What the task requires: In your copy, each line below is repeated exactly and no image appears.

Recorded data:
—————
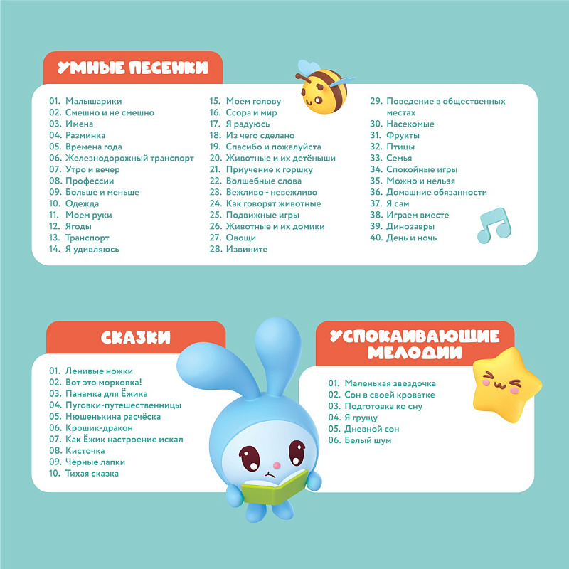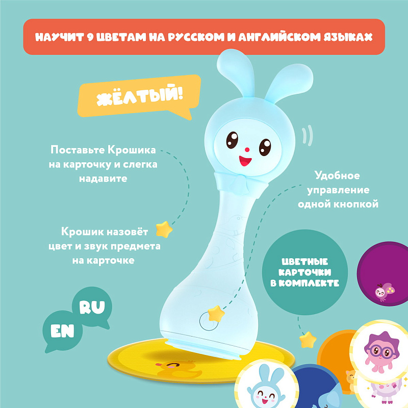 - Потрясите и она воспроизведёт 50 звуков из мира Малышариков.
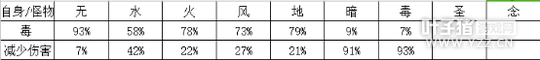 这是测试表格,测试数据浮动根据不同的怪物大约在3-5%,但绝不会差太多。 这里解释一下:每个属性怪的特点是3-4下普攻会夹杂一下比较高攻击的属性攻击,这些数据就是针对这些属性攻击所做的测试。(而且所有怪的普攻也有减伤,参考无属性) 以下图片就不一一说明了,纯手码,供参考:毒属性全部都是减少伤害,没有增加伤害的! 暗
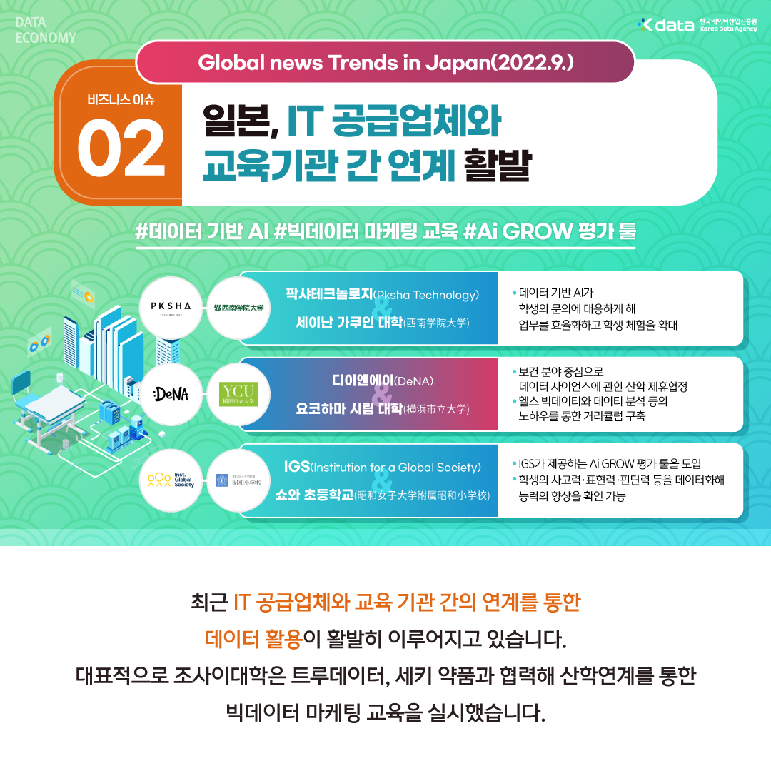 일본 내에서는 최근 IT 공급업체와 교육 기관 간 연계를 통한 데이터 활용이 활발하게 이루어지고 있습니다.
—————
Solution for this exercise:
 - Потрясите и она воспроизведёт 50 звуков из мира Малышариков.
 这是测试表格,测试数据浮动根据不同的怪物大约在3-5%,但绝不会差太多。 这里解释一下:每个属性怪的特点是3-4下普攻会夹杂一下比较高攻击的属性攻击,这些数据就是针对这些属性攻击所做的测试。(而且所有怪的普攻也有减伤,参考无属性) 以下图片就不一一说明了,纯手码,供参考:毒属性全部都是减少伤害,没有增加伤害的! 暗
 일본 내에서는 최근 IT 공급업체와 교육 기관 간 연계를 통한 데이터 활용이 활발하게 이루어지고 있습니다.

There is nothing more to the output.